CCTS Report: Rogers customer complaints doubled since 2022
New report shows Rogers-Shaw buyout has been a consumer disaster
January 15, 2025 — Today the Commission for Complaints for Telecom-television services (CCTS) released a damning report on telecom complaints from Canadian consumers over the 2023-2024 period, highlighting that they received more complaints than any previous year in their 17 year history. Year over year, complaints rose by 38%, led by an astonishing 68% increase in complaints from Rogers customers. Since 2021-2022, complaints from Rogers customers have more than doubled. The CCTS also dismissed a lower share of consumer complaints than in past years, and found more filed complaints were correctly within its mandate.
“Canadian consumers are furious,” said OpenMedia Executive Director Matt Hatfield. “When our government allowed Rogers to buy Shaw, we were told it would be a net benefit to Canadians.
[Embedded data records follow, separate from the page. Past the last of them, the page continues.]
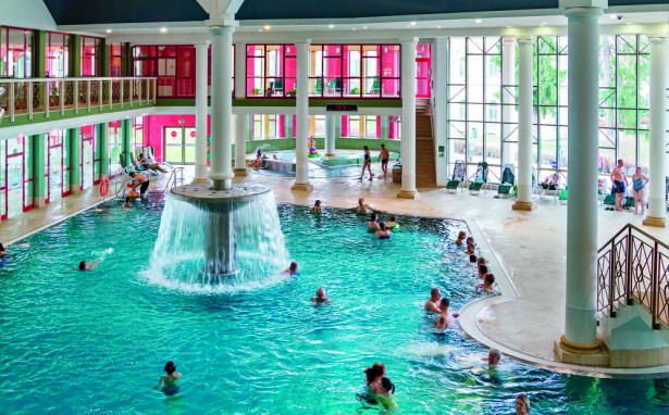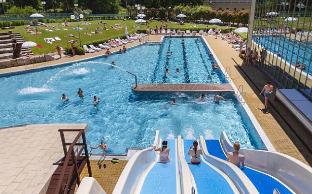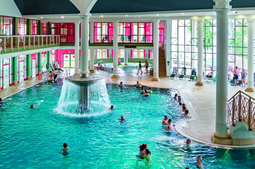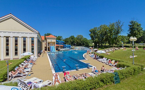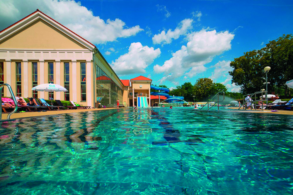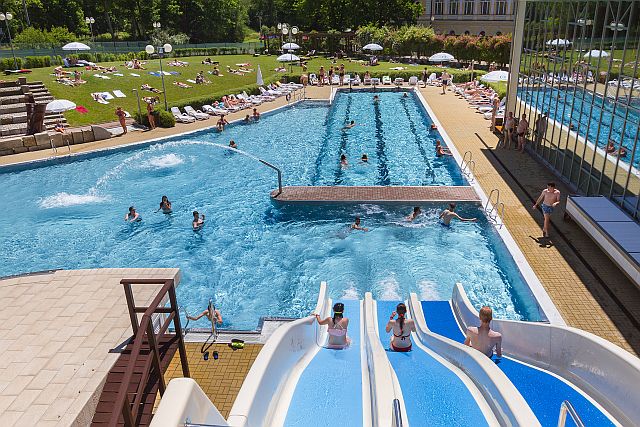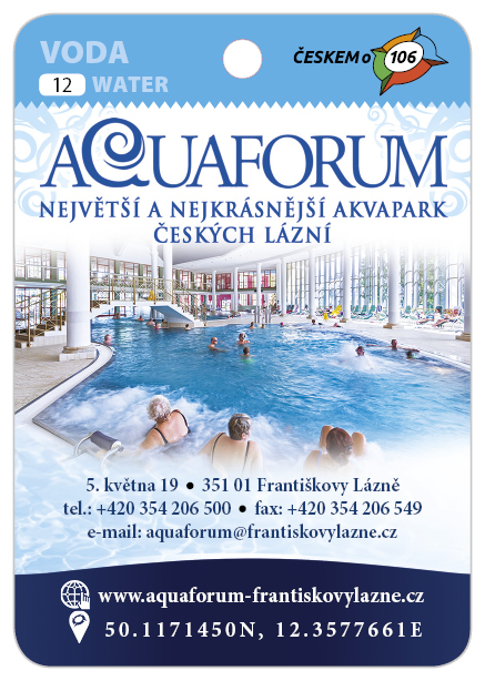 Podobně jako samotné lázeňské město je i Aquaforum zakomponováno do rozlehlých parků. Pohlazení po duši i po těle, které nezávisí na rozmarech počasí, nabízejí bazény a vířivky s minimální teplotou vody 28°C. V zastřešené části objevíte velký relaxační bazén s vodními atrakcemi, plavecký bazén, dětský bazén a whirlpool, pod širým nebem je velký relaxační bazén, dětský bazén a venkovní whirlpool, dětské hřiště a hřiště pro beach volejbal. Tobogán a skluzavky doplňují masážní proudy a lavice, vodní jeskyně, vřídla a další atrakce, k dispozici je rovněž sauna, restaurace a snack bar.
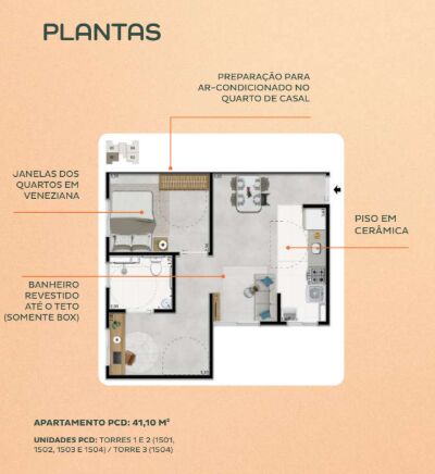 Com 2 dormitórios, 1 vaga de garagem, com 41 m² para unidade tipo com sacada e 46 m² para unidades gardens , apartamento perfeito pra quem tá quer sair do aluguel.
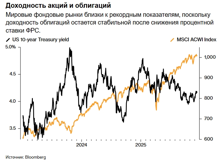 После снижения процентных ставок ФРС 10 декабря индекс MSCI All Country World Index, охватывающий мировые фондовые рынки, достиг исторического максимума. Индексы S&P 500 и Nasdaq 100 также выросли в 2025 году благодаря энтузиазму вокруг искусственного интеллекта и ожиданиям смягчения денежно-кредитной политики.
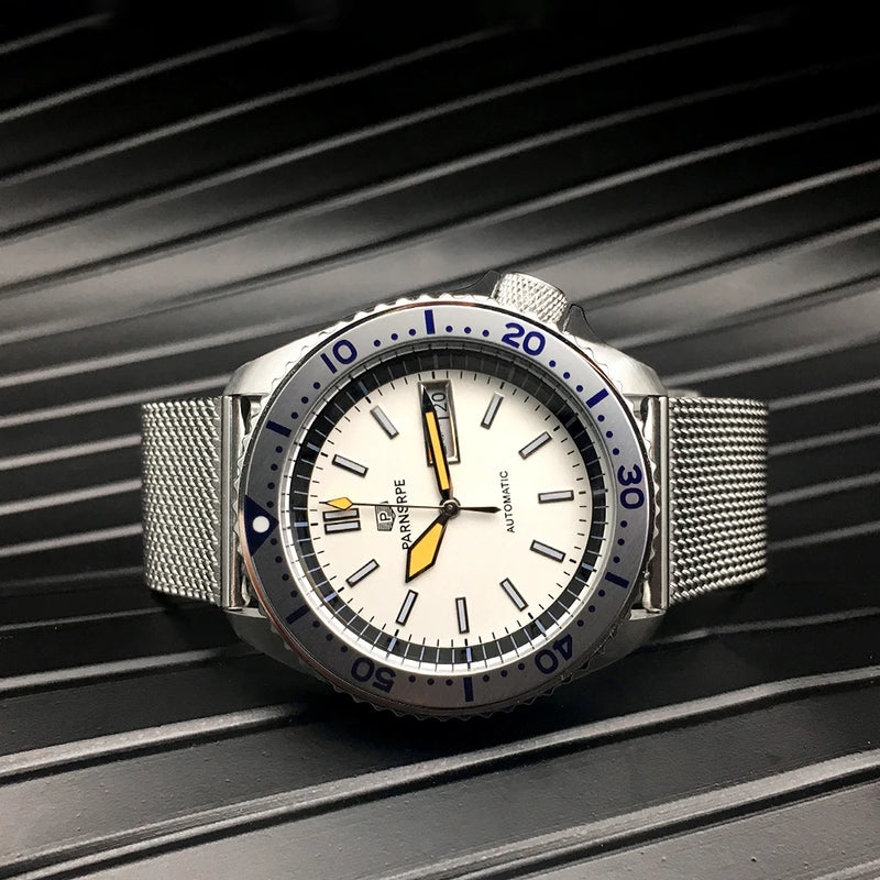 Robust automatic movement built to withstand the rigors of deep-water exploration. Self-winding mechanics powered by your adventures, no batteries required.
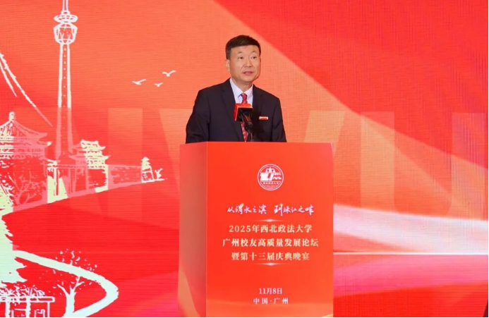 郭武军代表学校及校友总会祝贺活动成功举办,并介绍了学校在学科建设、人才培养、科研创新等方面的成效,肯定校友心系母校、助力发展的情怀与担当。他希望广州校友会及在穗校友创新机制、凝聚力量,在法治建设与行业深耕中传承西法大精神,为母校资源拓展、搭建合作桥梁,携手共进。
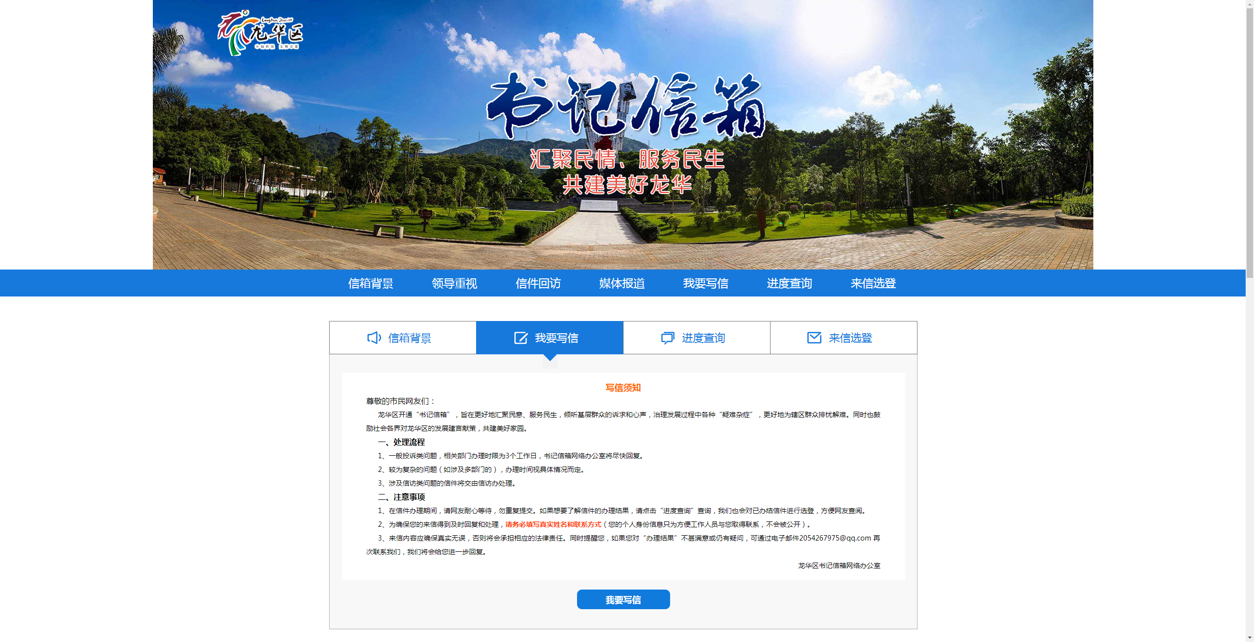 龍華區(qū)“書記信箱”網(wǎng)絡(luò)平臺是由龍華區(qū)領(lǐng)導(dǎo)的指導(dǎo)下搭建的網(wǎng)絡(luò)信息平臺,由深圳新聞網(wǎng)團(tuán)隊(duì)進(jìn)行開發(fā)搭建?!皶浶畔洹钡臉?gòu)建,是龍華區(qū)委貫徹落實(shí)黨的群眾路線,踐行“三嚴(yán)三實(shí)”的一項(xiàng)新舉措?!皶浶畔洹弊?015年10月31日正式上線以來,逐步成為龍華市民向龍華區(qū)委反映、提出建議、意見和投訴請求的重要渠道。
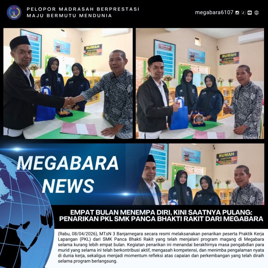 (Rabu, 08/04/2026), MTsN 3 Banjarnegara secara resmi melaksanakan penarikan peserta Praktik Kerja Lapangan (PKL) dari SMK Panca Bhakti Rakit yang telah menjalani program magang di Megabara selama kurang lebih empat bulan. Kegiatan penarikan ini menandai berakhirnya masa pengabdian para murid Read More …
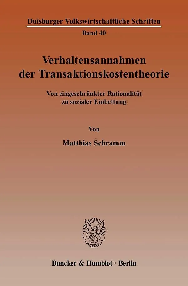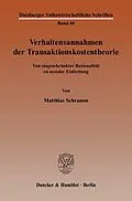 Die Neue Institutionenökonomie gilt als zweites großes Paradigma der ökonomischen Forschung. Als Grundstein dieses Theoriegebäudes wurden Verhaltensannahmen eingeführt, die Generationen von Wirtschaftswissenschaftlern rezipierten - so die Ergänzungen des homo ...
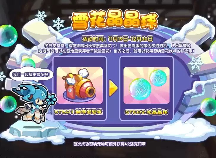 准备工作完成后则再前往源码冰岛吹泡泡,单次需要消耗:肥皂x2、纯净水x10,泡泡凝结成霜就可以收集雪花,累计收获24个就能领取宠物:雪花精灵。
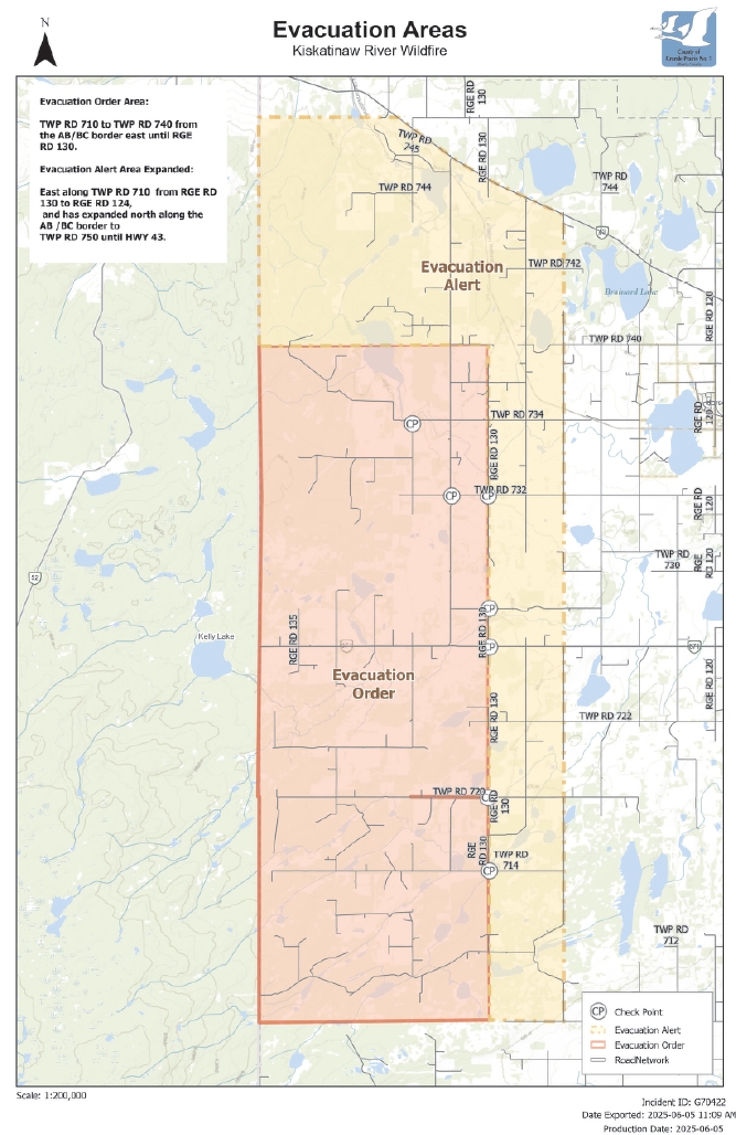 Area: The evacuation order is in effect for everyone located north of Township Road 710 to Township Road 740, east of the BC/Alberta border to Range Road 130. The evacuation alert has expanded east along Township Road 710, From Range Road 130 to 124 and has expanded north along British Columbia/Alberta border to Township Road 750 until Highway 43.
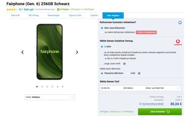Fairphone (Gen. 6) 256GB + 20GB 5G + Alles-Flat im Vodafone-Netz für 29,99€/Monat – eff. 2,36€/Monat
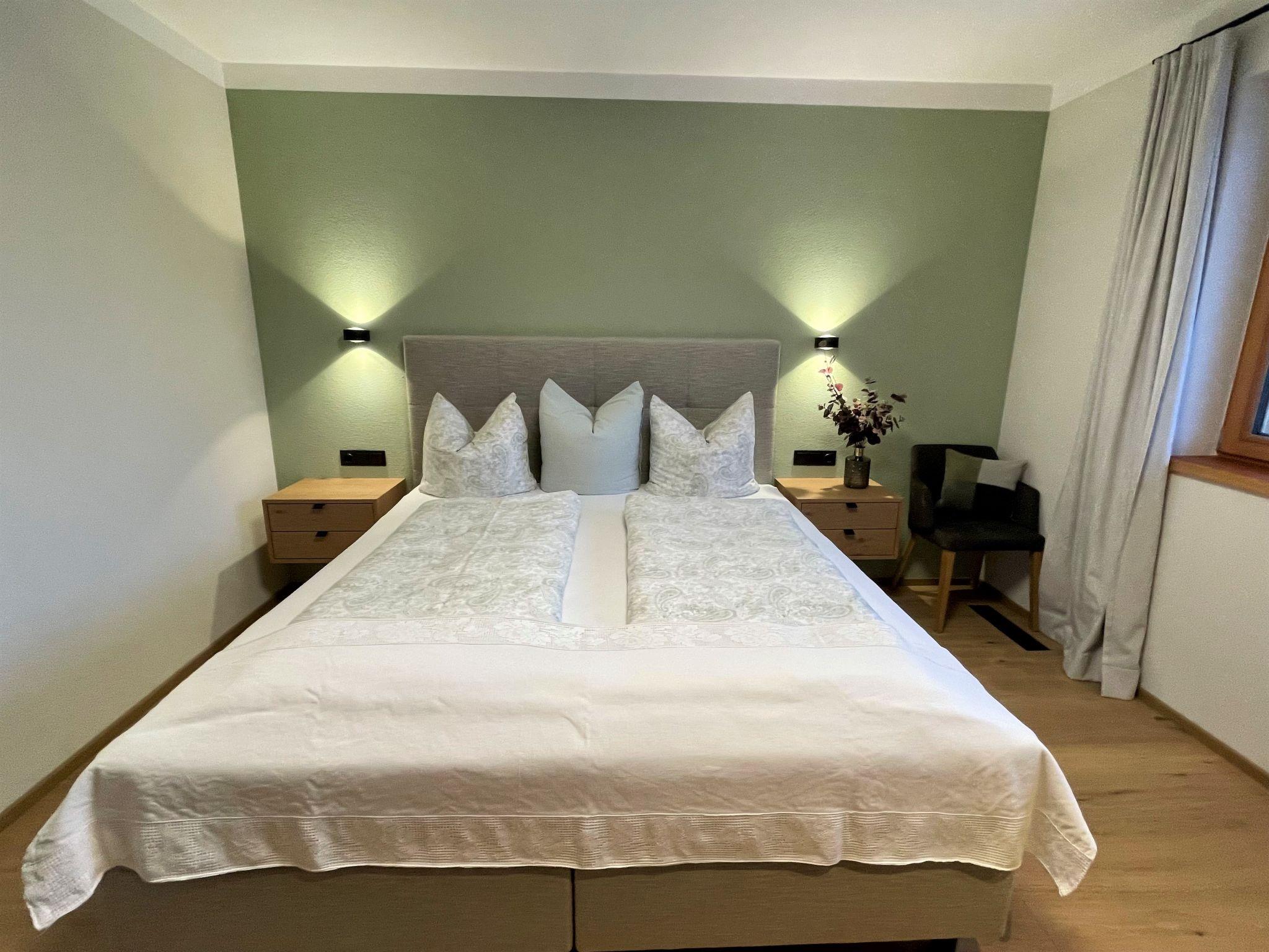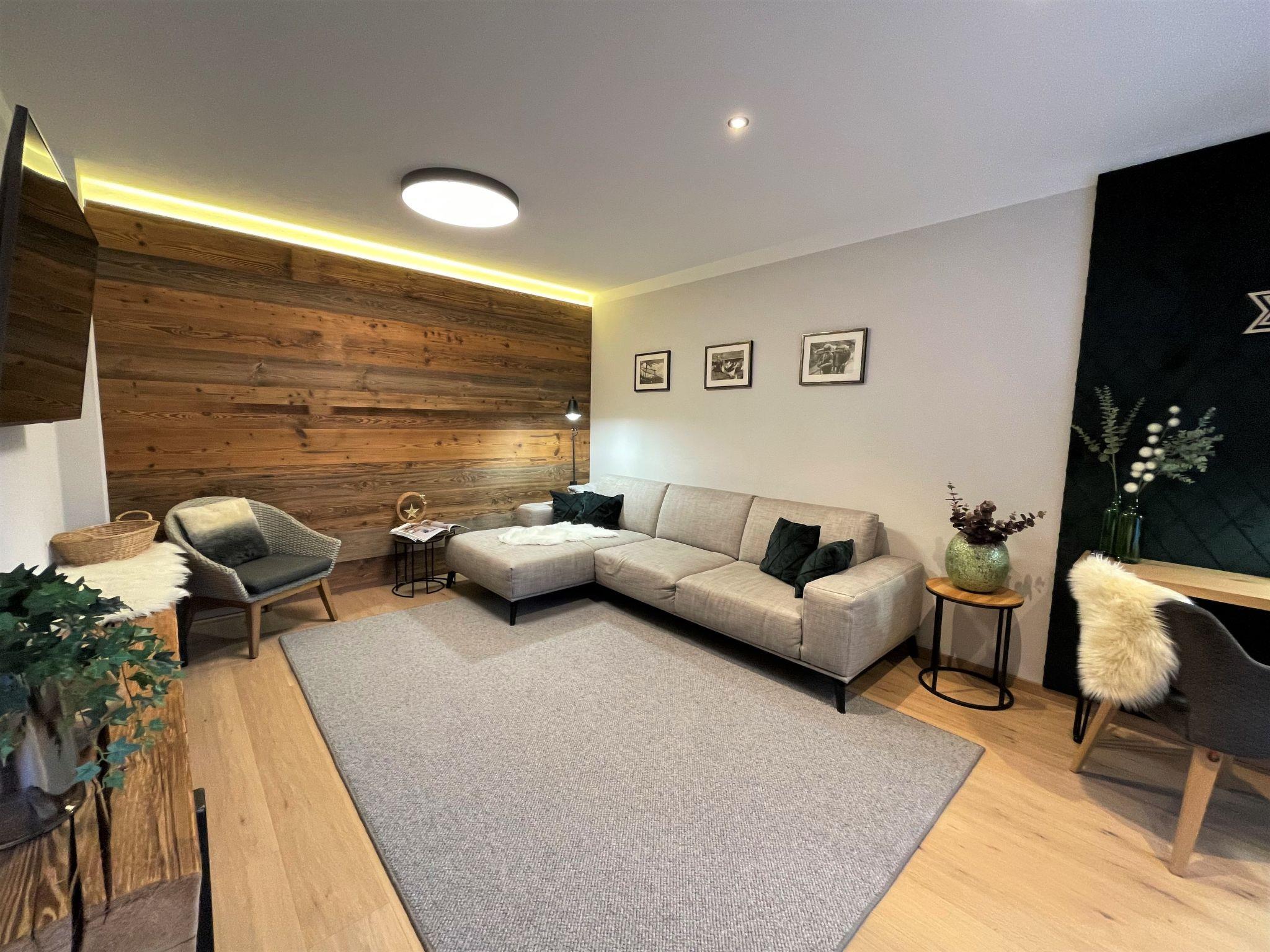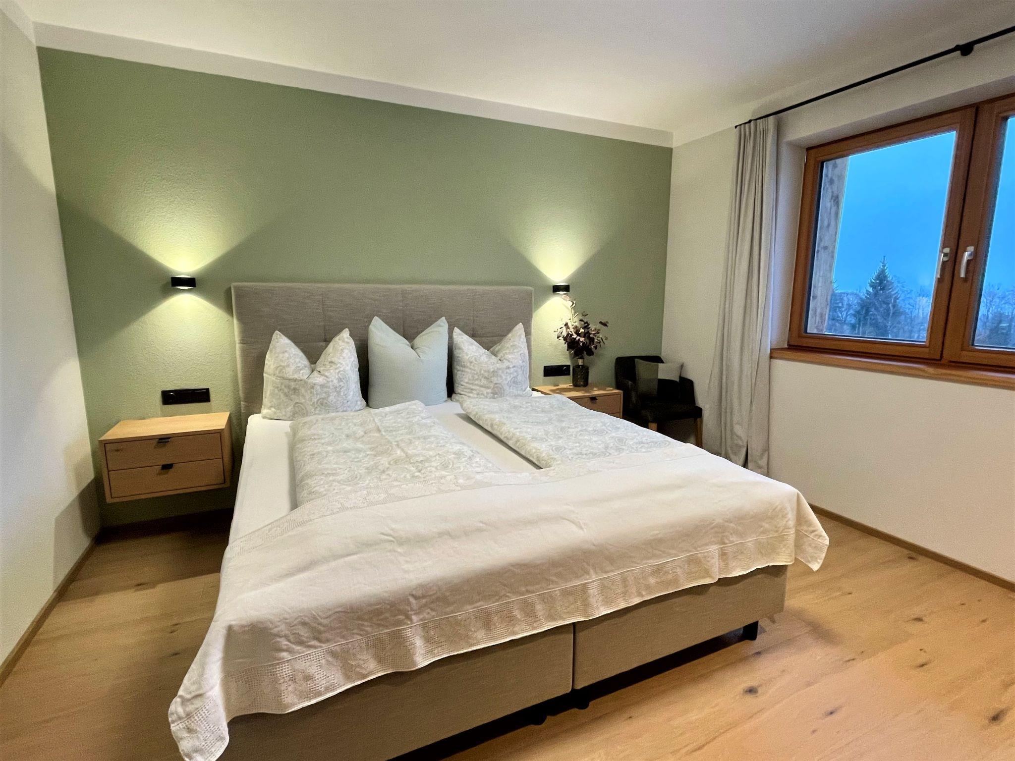 "Chalet Holzerjuwel", 7-room apartment 170 m2, on the ground floor. Bright, very comfortable and tasteful furnishings: entrance hall. 1 double bedroom with satellite TV. Exit to the terrace. 3 double bedrooms, each room with shower/WC and satellite TV. Office with 1 bed and satellite TV. Large kitchen-/living room (oven, dishwasher, 4 ceramic glass hob hotplates, toaster, kettle, electric coffee machine, Capsules for coffee machine (Nespresso)) with dining nook and satellite TV. Exit to the terrace. Shower/WC, sep. WC. Underfloor heating. Wooden floors. 2 large terraces 18 m2. Terrace furniture, electric barbecue, deck chairs (4), box-room. Marvellous panoramic view of the mountains and the valley. Facilities: children's high chair, baby cot, hair dryer. Internet (WiFi, free). Parking (4 cars). Please note: non-smokers only. Private entrance, fire extinguisher. No internal connecting door between the separated properties. Ideal accommodation for home office activities or for a "Workation" - thanks to the extra powerful business WLAN.
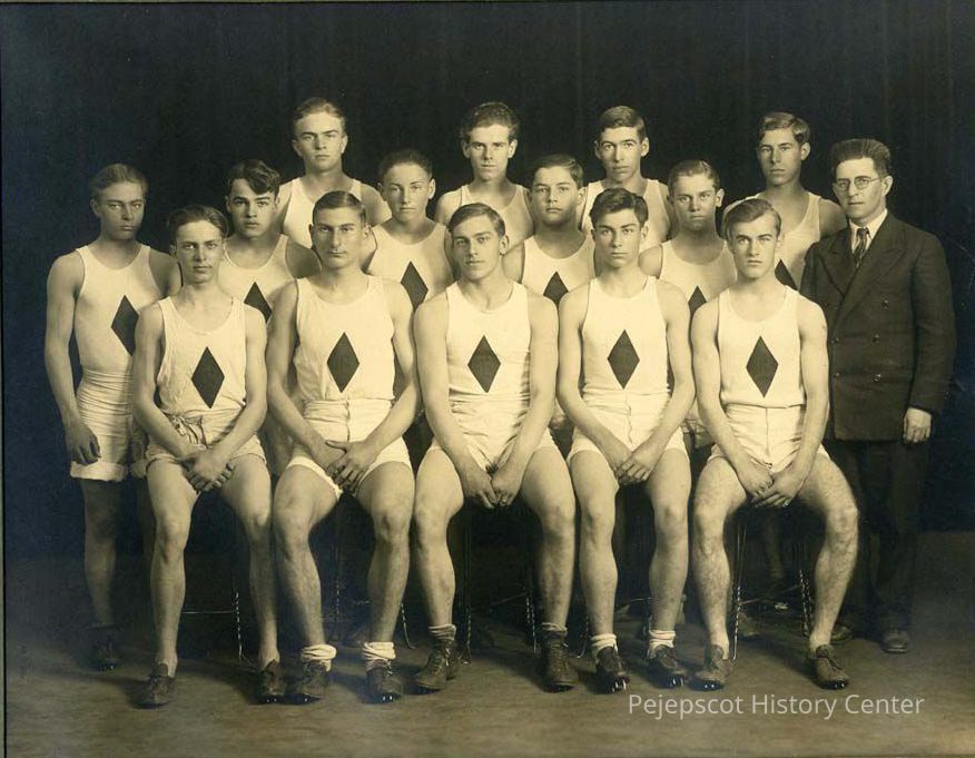 Black & white photograph of the Brunswick High School track team, circa 1920.
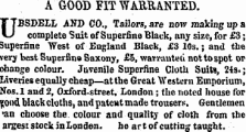 A GOOD FIT WARRANTED . UBSDELL AN © CO ., Tailors , are now making up a complete Suit of Superfine Black , any size , for £ 3 ; Superfine West of England Black , £ 3 10 s . ; and tbe very best Superfine Saxony , £ 5 , warranted not to spot or _change colour . Juvenile Superfine Cloth SuitB , 24 s . * Liveries equally cheap—atthe Great Western Emporium , Nos . l and 2 , Oxford-street , London ; the noted house for fond black cloths , and patent made trousers-. Gentlemen an choose the . colour and quality of cloth from the argest stock in Louden . he art of cutting taught .

Instead we’ve seen Rogers spike prices and the sharpest increase in consumer complaints in five years. Every federal party should look this failure in the face and tell Canadians how they’d undo this disastrous deal, and stop similar monopolistic power grabs in the future. Canadians cannot afford to be growing our oligopolies when our economy is already amongst the most concentrated and least competitive of any OECD country.”
The Competition Bureau, Canada’s competition watchdog, opposed the Rogers-Shaw buyout. However, the CRTC, Competition Tribunal, and ISED Minister Champagne supported the deal, paving the way for Rogers to become Canada’s largest telecom company. Despite conditions imposed by the government as part of the deal and promises that prices would not increase, in 2024 Rogers increased prices on mobile plans, home Internet, and TV boxes already installed in customer homes.
During consideration of the Rogers-Shaw deal OpenMedia and peers delivered over 93,000 messages from concerned people in Canada calling on policymakers to block the deal. A further 23,800 actions have been taken by the OpenMedia and Ekō communities in support of OpenMedia’s Anti-Monopoly Charter, which lays out principles for reforming Canada’s economy and reducing the power of Canada’s oligopolies.